DATA SECTION:
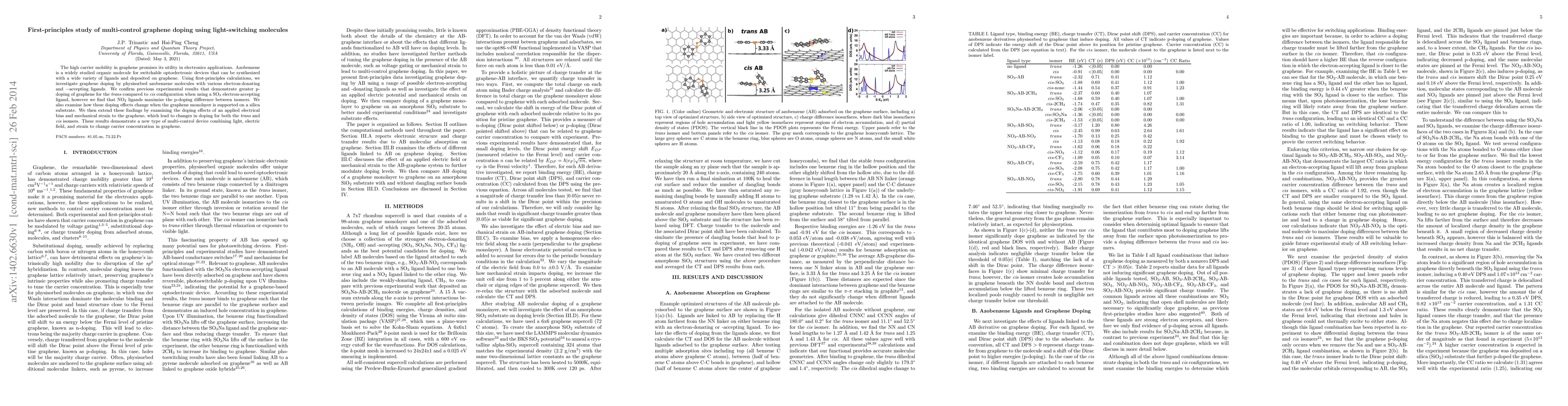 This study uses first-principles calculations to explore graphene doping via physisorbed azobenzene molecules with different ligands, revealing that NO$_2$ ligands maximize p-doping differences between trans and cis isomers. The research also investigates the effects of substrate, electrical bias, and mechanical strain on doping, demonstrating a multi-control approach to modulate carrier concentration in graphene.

==

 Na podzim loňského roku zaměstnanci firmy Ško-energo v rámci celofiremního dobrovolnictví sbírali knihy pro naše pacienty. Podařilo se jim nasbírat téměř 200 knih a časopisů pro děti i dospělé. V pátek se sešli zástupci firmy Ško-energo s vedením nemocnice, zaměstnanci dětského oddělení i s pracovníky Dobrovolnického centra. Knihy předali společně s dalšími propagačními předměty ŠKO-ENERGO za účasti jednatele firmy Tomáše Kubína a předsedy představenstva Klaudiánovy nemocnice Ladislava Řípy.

* * *

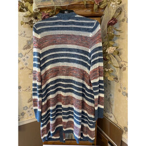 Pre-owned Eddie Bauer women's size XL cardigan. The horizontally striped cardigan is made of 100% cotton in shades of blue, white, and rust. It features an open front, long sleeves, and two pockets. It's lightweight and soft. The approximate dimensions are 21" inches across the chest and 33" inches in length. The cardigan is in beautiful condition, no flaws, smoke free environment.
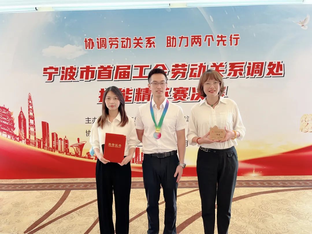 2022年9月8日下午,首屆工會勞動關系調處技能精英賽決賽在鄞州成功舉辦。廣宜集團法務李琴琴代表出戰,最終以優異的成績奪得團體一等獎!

WHAT YOU NEED TO DO: Write out the lines above from the one with "Pre-owned Eddie Bauer" through the one with "2022年9月8日下午,首屆", ends included, exactly; no picture goes in.

RESULT FOR THIS EXERCISE:
 Pre-owned Eddie Bauer women's size XL cardigan. The horizontally striped cardigan is made of 100% cotton in shades of blue, white, and rust. It features an open front, long sleeves, and two pockets. It's lightweight and soft. The approximate dimensions are 21" inches across the chest and 33" inches in length. The cardigan is in beautiful condition, no flaws, smoke free environment.
 2022年9月8日下午,首屆工會勞動關系調處技能精英賽決賽在鄞州成功舉辦。廣宜集團法務李琴琴代表出戰,最終以優異的成績奪得團體一等獎!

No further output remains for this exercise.